The expected output is every line from the one containing "上述资料显示,该项目正式名称为 CCR5 基因编辑,立项时间为" to the end of the data below, exactly, and no other line.

━━━ EXERCISE MATERIALS ━━━

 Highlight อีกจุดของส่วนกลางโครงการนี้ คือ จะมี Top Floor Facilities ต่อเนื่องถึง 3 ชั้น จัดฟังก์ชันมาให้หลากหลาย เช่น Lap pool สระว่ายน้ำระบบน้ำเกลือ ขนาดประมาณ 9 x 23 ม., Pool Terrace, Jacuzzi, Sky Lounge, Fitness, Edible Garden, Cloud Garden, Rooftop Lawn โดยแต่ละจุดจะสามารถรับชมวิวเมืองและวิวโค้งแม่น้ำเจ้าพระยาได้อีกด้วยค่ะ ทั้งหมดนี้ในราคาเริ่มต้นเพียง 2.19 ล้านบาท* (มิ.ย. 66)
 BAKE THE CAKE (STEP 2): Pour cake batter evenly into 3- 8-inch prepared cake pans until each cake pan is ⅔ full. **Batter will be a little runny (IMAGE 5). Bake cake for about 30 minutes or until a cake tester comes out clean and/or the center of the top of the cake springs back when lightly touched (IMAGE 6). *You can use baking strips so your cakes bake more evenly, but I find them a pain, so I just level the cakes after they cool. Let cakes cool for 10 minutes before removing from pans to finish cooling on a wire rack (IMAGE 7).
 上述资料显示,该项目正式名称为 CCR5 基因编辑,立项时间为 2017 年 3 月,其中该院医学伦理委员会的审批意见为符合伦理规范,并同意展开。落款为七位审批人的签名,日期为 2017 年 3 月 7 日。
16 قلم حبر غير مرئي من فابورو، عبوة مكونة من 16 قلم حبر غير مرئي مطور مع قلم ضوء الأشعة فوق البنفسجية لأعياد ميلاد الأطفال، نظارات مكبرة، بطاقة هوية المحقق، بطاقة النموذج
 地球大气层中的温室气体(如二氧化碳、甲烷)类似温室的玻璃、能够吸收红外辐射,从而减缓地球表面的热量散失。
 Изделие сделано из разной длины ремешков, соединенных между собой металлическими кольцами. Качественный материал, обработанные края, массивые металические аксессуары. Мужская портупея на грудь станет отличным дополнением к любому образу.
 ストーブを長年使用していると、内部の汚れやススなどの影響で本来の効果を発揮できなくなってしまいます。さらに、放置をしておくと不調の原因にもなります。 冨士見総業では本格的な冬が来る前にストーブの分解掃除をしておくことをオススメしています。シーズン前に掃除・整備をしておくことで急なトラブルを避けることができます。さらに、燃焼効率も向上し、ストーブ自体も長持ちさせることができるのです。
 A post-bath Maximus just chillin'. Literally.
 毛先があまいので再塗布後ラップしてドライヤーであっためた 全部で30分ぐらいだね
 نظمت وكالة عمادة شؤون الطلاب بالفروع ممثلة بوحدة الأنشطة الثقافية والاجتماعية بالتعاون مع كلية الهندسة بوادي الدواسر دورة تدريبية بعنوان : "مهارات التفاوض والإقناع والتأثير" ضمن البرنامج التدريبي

━━━

• [WRITTEN ANSWER]
 上述资料显示,该项目正式名称为 CCR5 基因编辑,立项时间为 2017 年 3 月,其中该院医学伦理委员会的审批意见为符合伦理规范,并同意展开。落款为七位审批人的签名,日期为 2017 年 3 月 7 日。
16 قلم حبر غير مرئي من فابورو، عبوة مكونة من 16 قلم حبر غير مرئي مطور مع قلم ضوء الأشعة فوق البنفسجية لأعياد ميلاد الأطفال، نظارات مكبرة، بطاقة هوية المحقق، بطاقة النموذج
 地球大气层中的温室气体(如二氧化碳、甲烷)类似温室的玻璃、能够吸收红外辐射,从而减缓地球表面的热量散失。
 Изделие сделано из разной длины ремешков, соединенных между собой металлическими кольцами. Качественный материал, обработанные края, массивые металические аксессуары. Мужская портупея на грудь станет отличным дополнением к любому образу.
 ストーブを長年使用していると、内部の汚れやススなどの影響で本来の効果を発揮できなくなってしまいます。さらに、放置をしておくと不調の原因にもなります。 冨士見総業では本格的な冬が来る前にストーブの分解掃除をしておくことをオススメしています。シーズン前に掃除・整備をしておくことで急なトラブルを避けることができます。さらに、燃焼効率も向上し、ストーブ自体も長持ちさせることができるのです。
 A post-bath Maximus just chillin'. Literally.
 毛先があまいので再塗布後ラップしてドライヤーであっためた 全部で30分ぐらいだね
 نظمت وكالة عمادة شؤون الطلاب بالفروع ممثلة بوحدة الأنشطة الثقافية والاجتماعية بالتعاون مع كلية الهندسة بوادي الدواسر دورة تدريبية بعنوان : "مهارات التفاوض والإقناع والتأثير" ضمن البرنامج التدريبي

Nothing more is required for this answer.